NURSES in England will strike on January 18 and 19, it has been announced.
It comes amid a continued pay dispute with the UK Government.
Unless negotiations are opened, nurses will once again take to the picket line, the Royal College of Nursing (RCN) today said.
Northern Ireland and Wales will be exempt from the latest wave, the RCN added.
General Secretary Pat Cullen said: “The Government had the opportunity to end this dispute before Christmas but instead they have chosen to push nursing staff out into the cold again in January.”
Cullen added: “The public support has been heart-warming and I am more convinced than ever that this is the right thing to do for patients and the future of the NHS.
“Staff shortages and low pay make patient care unsafe – the sooner ministers come to the negotiating table, the sooner this can be resolved. I will not dig in, if they don’t dig in.”
On Tuesday, nurses took to the streets after they were offered just a 4.75 per cent pay rise – well below what was asked for.
It marked the second day of strike action in a month for nurses, after they said many were struggling amid the cost of living crisis.
It was last night announced that ambulance workers would also strike again next year.
Ambulance staff in Unison will stage two further strikes on January 11 and 23 in the dispute over pay and staffing, the union announced.
However, a planned strike by ambulance workers in the GMB on December 28 has been suspended, the union announced.
National Secretary Rachel Harrison said: “We know the public will appreciate being able to enjoy Christmas without any additional anxiety.
“They support us and we support them. The workforce crisis in our NHS is so severe and our commitment to getting ambulance staff the proper pay they deserve is stronger than ever, so we are scheduling a further date for action on 11th January 2023.”
The Prime Minister today said he was ‘sad’ about the strike action.
Rishi Sunak insisted that refusing to negotiate on public sector pay is the “right thing” in the long term.
He defended the Government today as acting “fairly and reasonably”, but insisted he cannot budge or risk stoking inflation.
He added: “I want to make sure we reduce inflation, part of that is being responsible when it comes to setting public sector pay,” he added.
“In the long term it’s the right thing for the whole country that we beat inflation.”
Asked about a possible one off payment to nurses, he said: “Our door is always open… there are lots of things people have raised as things that might make a difference, we’d be happy to talk about all those things.”
Nurses staged walkouts on December 15 and Tuesday.
During the strikes this week, Lucy Savage, who qualified as a nurse in September said workers need ‘more money and more staff’.
While standing outside Aintree Hospital in Liverpool, the 21-year-old added: “We need patient safety. We’re overworked and underpaid, the NHS is just a shambles.
“There have been I don’t know how many times in the past four weeks when I’ve gone home saying to my mum ‘I’m not being a nurse for the rest of my life if this is the way it’s going to carry on.”

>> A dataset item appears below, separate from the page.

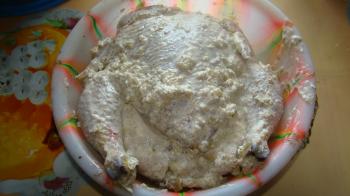 Для начала, если курица замороженная, нужно её разморозить и вымочить. Затем нужно смешать майонез, чеснок и специи. Замочить в нём курицу и оставить на ночь.

This is while ambulance workers in England and Wales followed suit on Wednesday.
Figures for last week show that one in four ambulance patients in England waited more than an hour to be handed to A&E teams at hospitals, while new data suggests patients in hospital with flu in England has “skyrocketed” and Strep A is driving “near record” demand for NHS 111 services.
Ten thousand ambulance staff at nine NHS trusts walked out in the biggest 999 strike for 30 years, in a row over pay and conditions.